A $24kg$ projectile is fired at an angle of ${53}^{\circ }$ above the horizontal with an initial speed of $50m/s$. At the highest point in its trajectory, the projectile explodes into two fragments of equal mass, the first of which fall vertically with zero initial speed.
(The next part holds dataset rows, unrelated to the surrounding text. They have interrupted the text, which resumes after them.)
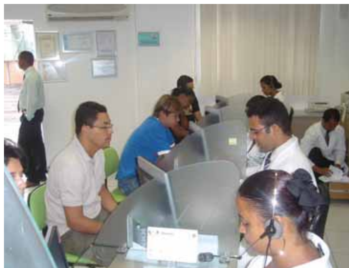
Atendimento rápido e de qualidade
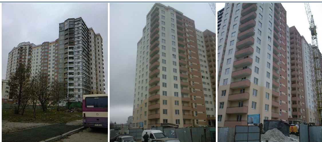
Хід будівництва багатоповерхового житлового будинку з вбудованими офісними приміщеннями та підземними автостоянками по вул. Панча, 18-б у м. Львові станом на грудень 2009 року

Станом на 30.09.2009 р. фінансові зобов'язання ТОВ «БК «Нове місто» представлено заборгованістю за банківськими кредитами на суму 30 402 тис. грн. (на 4,3% більше, ніж на початок року). Більше 80% заборгованості номіновано в іноземній валюті. Крім того, підприємство здійснило випуск цільових облігацій серій А-С номінальним обсягом 49 750 тис. грн. з метою випуску фінансування будівництва багатоповерхового житлового будинку з вбудованими офісними приміщеннями та підземними автостоянками на пр. В. Чорновола – вул. П. Панча в м. Львові. Облігації було розміщено повністю.
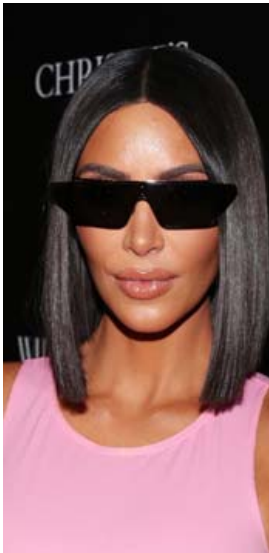
Kim Kardashian er leiðandi í tisku, jafnt í fatnaði sem hárgreiðslu.
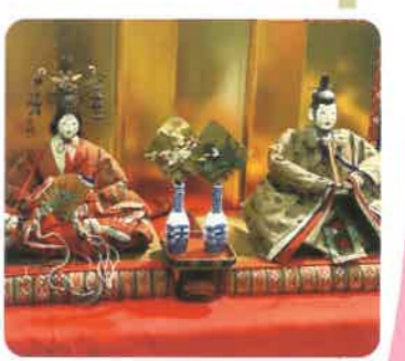
山柴公民館 山柴公民館で大正・明治のお雛さんを初めて展示します！
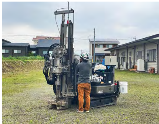
古巻公民館の土壌汚染調査始まる

質問 自治会役員はさまざまな負担が多く、なり手がいないとの声を聞くが、自治会の負担軽減につ
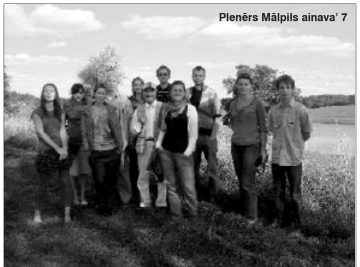
Plenērs Mālpils ainava' 7
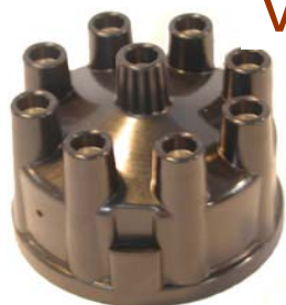
Tête Allumeur V 8 Versailles Réf 70318 €34,30
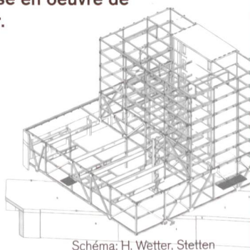
Schéma: H. Wetter, Stetten

Antenne romande du Centre suisse de la construction métallique SZS
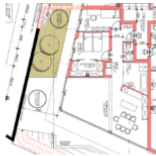
Grundriss Top 3
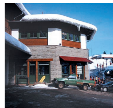
Schöner Anblick mit schönem Ausblick

Ofterschwang ■ „Tatort“ Skilift-Station Ofterschwang im Allgäu: Ursprünglich standen auch Holz, Putz und Naturstein zur Diskussion als über die Verblendung des äußerlich etwas unansehnlich gewordenen Gebäudes auf dem 800 m hoch gelegenen Ofterschwanger Horn entschieden werden sollte. Doch der Bauherr ließ sich vom Architekturbüro Zeller + Engstler Partnerschaften (Sonthofen) überzeugen. Die schließlich gewählte SANTURO® Bossenmauer als Vormauerstein von braun – Ideen aus Stein erwies sich nicht nur als wirtschaftlichste Lösung, sondern auch als ein optisch sehr gefälliges Mauerwerk, das von der Firma Mosaik Natursteine aus Untermittendorf schließlich aufgebracht wurde. Ein kleiner, aber feiner Auftrag für braun – Ideen aus Stein, vor allem jedoch ein schöner Anblick, ein zufriedener Bauherr und nicht zuletzt ein Planer, der erstmals mit Produkten aus Amstetten Erfahrungen sammelte – gute Erfahrungen, wie sich am Ende herausstellte.
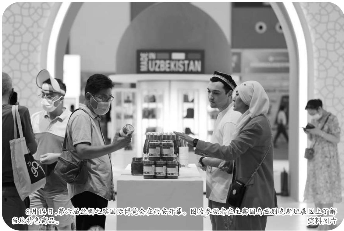
8月14日，第六届中国—中亚国家博览会暨中国—中亚国家博览会开幕式在西安开幕。图为参观者在乌兹别克斯坦展区上了解当地特色商品。

2013年秋天，国家主席习近平提出“一带一路”倡议，9年后的今天，“一带一路”已经成为最受欢迎的国际公共产品和最大规模的国际合作平台。在中国，广大民营企业积极响应国家号召，不断加快走出去步伐，成为高质量共建“一带一路”的生力军。日前，全国工商联主办首届民营企业共建“一带一路”峰会，畅谈民企走出去成绩，传播民企深耕“一带一路”的信心，喜迎党的二十大胜利召开。
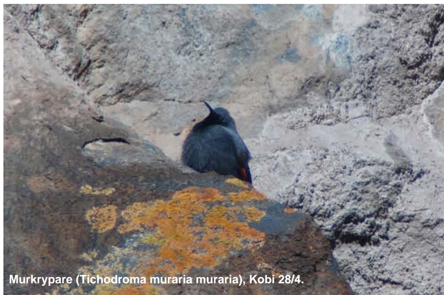
Murkrypare ( Tichodroma muraria muraria ), Kobi 28/4.
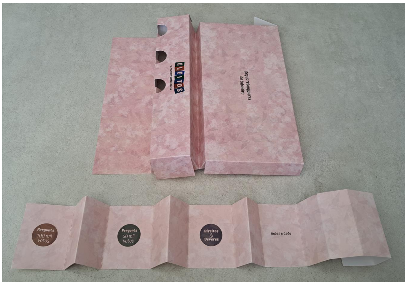
Divisórias internas (vista explodida)
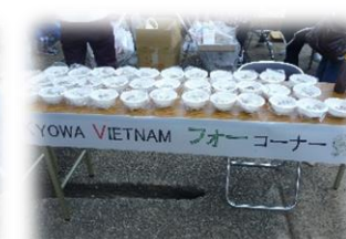
フォー（麺料理）のふるまい

How much energy in J was released during the explosion?

Answer 1

Here, $m=24kg,u=50m/s$
$v_x=\frac{dx}{dt}=u\cos 53\Rightarrow x=u\cos 53.t...\left(1\right)$ and
$v_y=\frac{dy}{dt}=-gt+u\sin 53\Rightarrow y=-\frac{1}{2}g{t}^2+u\sin 53.t...\left(2\right)$
At highest point, $v_y=0$, so $-gt+u\sin 53=0\Rightarrow t=\frac{50\sin 53}{10}=4s$ and from (1) $x=50\cos 50.4=120m$
Momentum is conserved in exploration . If $v_x^{\prime }$ be the velocity of second particle , then $m{v}_x=\left(m/2\right)v_x^{\prime }\Rightarrow v_x^{\prime }=2v_x=2\left(50\cos 53\right)=60m/s$
The energy in J released during the explosion $=\left(m/2\right)\left(\right(v_x^{\prime 2})/2-v_x^2)=12\left(\right({60}^2)/2-{30}^2)=10800$